Now every purchase over and above the price of a pint comes with labyrinthine 'Terms and Conditions' documents, the ultimate get-out clause (or hundreds of closely-typed clauses). You'll probably find, upon employing a legal professional, that British Gas aren't actually obliged to pump the gas you've bought to you, that iPods aren't actually supposed to play music, or last for much over a couple of months.

When something does go wrong, the merry-go-round starts spinning. The shop you've bought it from is actually a franchise and doesn't deal with returns, or repairs, and you have to call a 'customer services' number. More often than not their first gambit is to pack you back off to the shop - after they've told you to turn it off and on again.

Almost all of the call-centre customer service experience seems to be wilfully designed to stop two things: admission of guilt or responsibility, and not having the company have to act in any way. First-line support is brilliant at this, whilst keeping up a nauseating level of obsequiousness. "Bear with me Mr Smith".

It starts at management level, by deliberately employing people with a limited grasp of English, both abroad and in the UK, who are not able to deviate from the scripts they're given.

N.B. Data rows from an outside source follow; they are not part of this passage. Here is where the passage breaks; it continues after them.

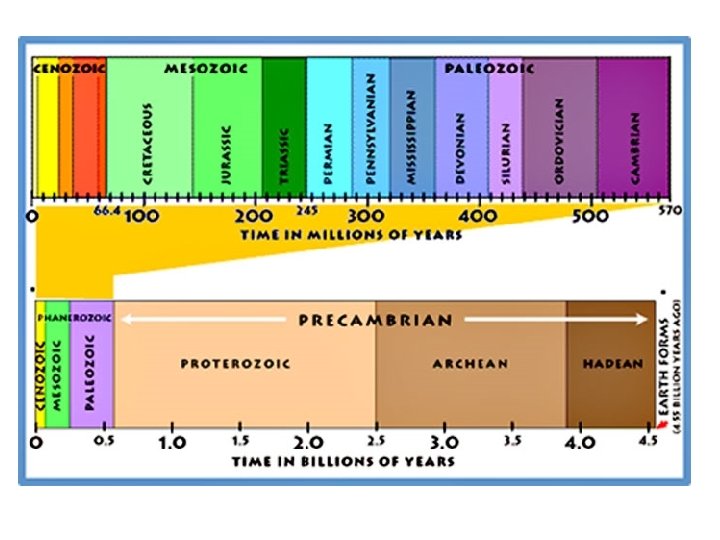 Geologic time measurements • Eon = billions of years • Era = millions of years • Period = tens of millions of years or hundred of millions of years
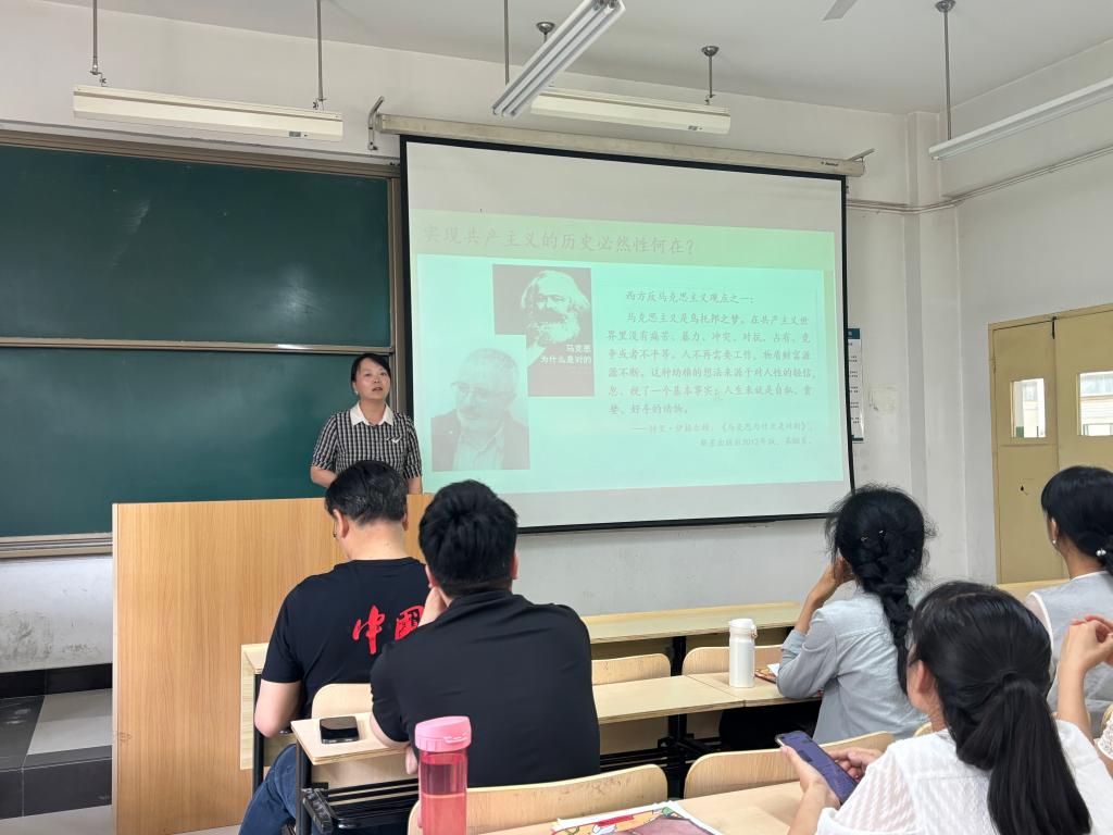本次教学展示活动由《毛泽东思想和中国特色社会主义理论体系概论》课程组张箐和《马克思主义基本原理》课程组赵燕两位老师进行授课展示。张箐围绕授课主题“科学评价毛泽东”,从历史前车之鉴、反对两种错误倾向和现实意义三个方面进行讲授。赵燕通过对“共产主义是乌托邦之梦吗?”“共产主义违背了人性吗?”“共产主义在遥远的未来吗?”三个问题的阐述,讲授了“实现共产主义的历史必然性何在”。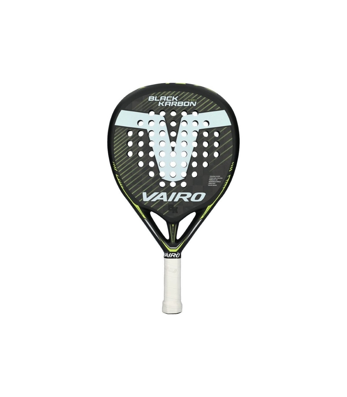 In summary, the Vairo Black Karbon Speed is the perfect choice for advanced players looking for a high-performance racket capable of responding effectively in all types of plays. Its careful design and the incorporation of top-quality materials and technologies allow players to take their game to the highest level, offering power, precision, and control in a single tool. If you want to stand out on the court and demand the best from your equipment, the Vairo Black Karbon Speed is the racket you need.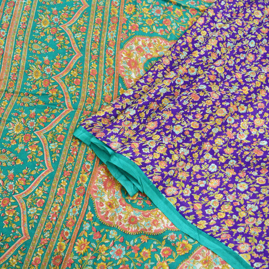 Indian Vintage Sari Purple & Green Pure Silk Printed Saree 5yd Sewing Quilting Craft Fabric Dress Making/ Designing Soft Upcycle Used Floral

Intelligent people can use reasoning to solve problems, they can tell when a complaint is reasonable, but they wouldn't want to work in such poor conditions for such low wages. On top of this is the culture of fear, of targets for numbers of calls dealt with, a call passed on to people who can actually deal with the problem is a black mark. Recently I had trouble with a service offered my by mobile phone operator (for a fiver extra a month!), it is a fairly complex system and has it's own dedicated support team. Not that you'd find out by calling the main customer services helpline - it took me over 2 hours of arguing to get put through to the right people. I was continuingly given solutions to different problems with different software. Poor training, whether deliberate or not really does make for some of the worst-spent time of your short life.

The operators lie, and fob you off - the brilliant one for mobile phone companies is "switch it off an back on again". Knowing of course that you're calling on the phone and if it doesn't solve the problem you'll have to call back. Most of the time you'll give up, and they can tick a little tick box.

Despite, of course, your call being recorded "for training and monitoring purposes", quite often a repeat phone call will reveal no trace of the first one you've made. Promises to return calls won't be kept and that person with special responsibility who is 'on leave' will never return. Comet claimed not to have received any of our phone calls or letters when we had a problem with our dishwasher, despite sending an engineer out to fix the problem, although when a Small-Claims Court summons reached them they sent us a cheque. Odd, when they made it clear that they'd never been contacted about the problem, and it wasn't their fault or responsibility anyway.

When your life turns into That's Life! and you spend more time on your mobile to their customer services that your friends, there's something wrong with the culture of service. It's something that our 'respect' obsessed government could sort out, perhaps a start would be plain English service agreements so you could understand just how little service you'd signed up for. And they could start putting items about deformed vegetables on the telly again.